Each time we update our software environments we preserve previous versions so that you can roll back for reproducibility or if your code stops working after an update. This section details the specific software environment versions available.

Select desktop environment

As an illustration of the benefits of preserving historical software environments, imagine that you have a python project and that your Pandas code no longer works with the latest Pandas release in the current software environment. In that case you can start Spyder and revert to a previous software environment in order to run your analysis using an older version of Pandas. The screen-shot below shows how to use the Software environment version selector to run and older version of python.

Software environments are named following a rcs_year.version scheme. For example, the first environment released in 2021 is named rcs_2021.01. The list below shows you key information about each environment, including a command that you can run from the terminal to get a detailed software version list.

Select terminal environment

In order to facilitate reproducible research and analysis we preserve old software environments so that you can switch back to them later if needed. These older environments can be loaded using Lmod.

Running

ml avail
will show you the available environments, named by date and version number.

For example, suppose that you have a python project and that your pandas code no longer works with the latest pandas release in the current software environment. In that case you can revert to a previous software environment and run your analysis using an older version of pandas.

You can use the ml command from the terminal to list, load, and unload Lmod environment, as shown below.

      ml avail

------------------- /usr/local/app/rcs_bin/grid3/modulefiles -------------------
   rcs/rcs_2020.01        rcs/rcs_2021.03      rcs/rcs_2021.06
   rcs/rcs_2022.01 (D,L)  rcs/rcs_2022.06

        Where:
        D:  Default Module
        L:  Module is loaded

        Use "module spider" to find all possible modules.
        Use "module keyword key1 key2 ..." to search for all possible modules matching
        any of the "keys".

You can get detailed information about specific software modules using the ml spyder command:

module spyder rcs/rcs_2021.03
----------------------------------------------------------------------------
  rcs: rcs/rcs_2022.01
----------------------------------------------------------------------------
    Description:
      Anaconda environment for research computing


    This module can be loaded directly: module load rcs/rcs_2022.01

    Help:
      Sets up environment for Data Science and Statistical computing.

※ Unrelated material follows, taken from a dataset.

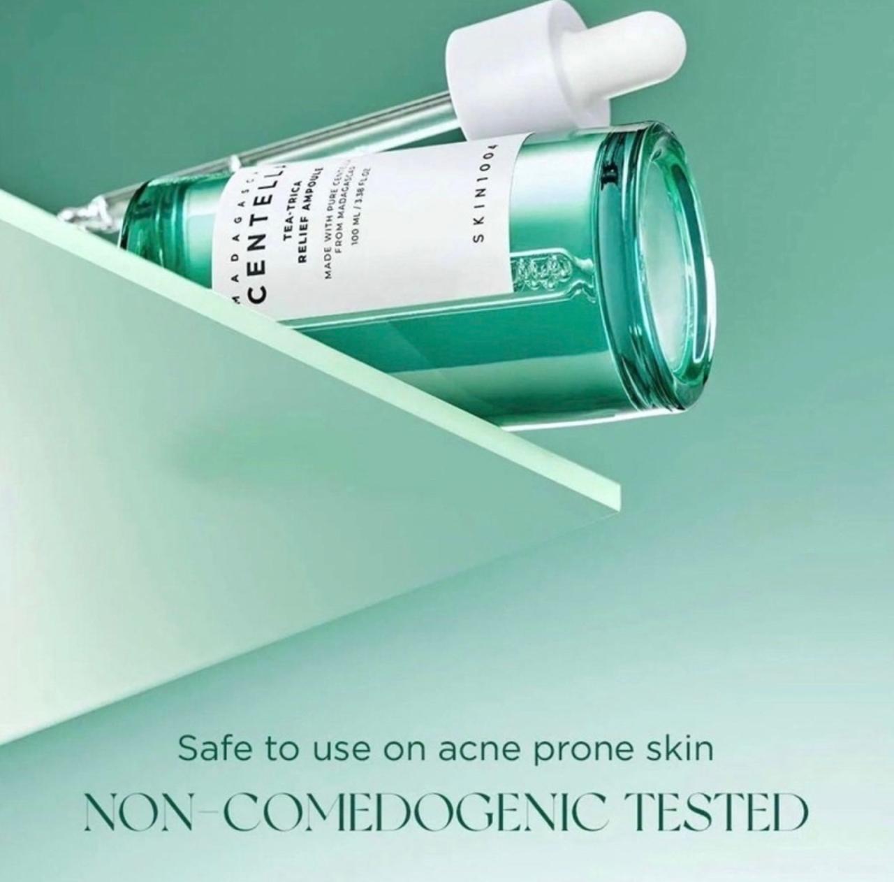 La ampolla está formulada con extracto de centella asiática, que tiene propiedades calmantes y antiinflamatorias, y también contiene extracto de árbol de té, que es conocido por sus propiedades antibacterianas y antiinflamatorias.

      A huge list of software is avalable, including 'python', 'spyder', 'R', 
      'rstudio', 'emacs', 'vscode', rclone, ripgrep, nnn and much more.

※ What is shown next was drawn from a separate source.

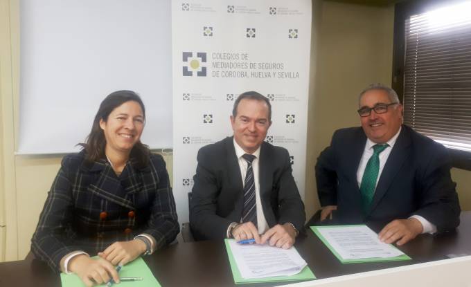 A la firma del acuerdo han asistido Miguel Peral, responsable comercial de la aseguradora en la Zona Sur; Elena Romero, presidenta del Colegio de Sevilla; y Javier García-Baquero, presidente del Colegio de Huelva.
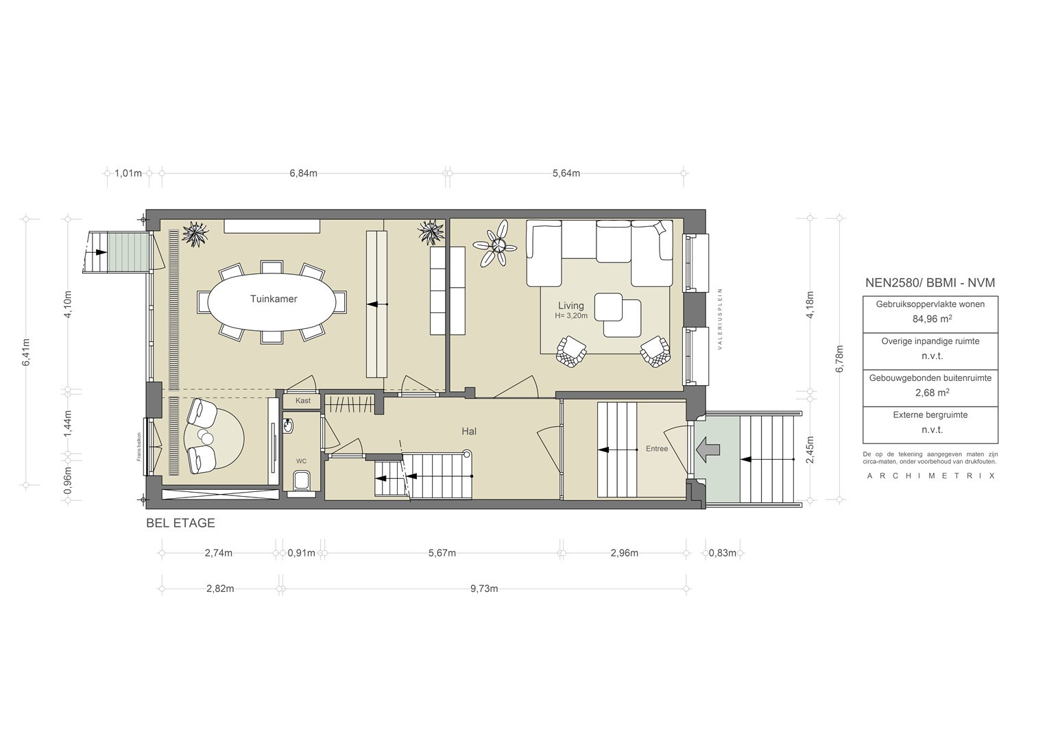 The measurement instruction is based on NEN 2580 and is intended to provide a uniform method of measurement. Differences in measurement outcomes cannot be completely ruled out due to interpretation differences, rounding or limitations during measurement.

      See https://hbs-rcs.github.io/hbsgrid-docs/ for documentation
      and https://hbs-rcs.github.io/hbsgrid-docs/environments/#rcs_2022.01
      for version-specific details.

      For a detailed software list open a terminal and run 

      conda env export -n rcs_2022.07

Finally you can use ml to load and unload specific environments.

ml rcs_2021.03
will load the rcs_2021.03 environment, and
ml -rcs_2021.03
will unload it.

Detailed Lmod documentation is available here and you can learn more about the environments available on the HBS Grid in the Environments documentation.

Reproducing environments

The instructions above show how to use different software environment versions on the HBS Grid. You may sometimes need to go a step further than this, e.g., to continue your work on another system after you leave HBS, or to provide reproduction instructions to meet a journal publication requirement. To do this you need to know that the environments described here are managed using the conda package manager on a Linux system.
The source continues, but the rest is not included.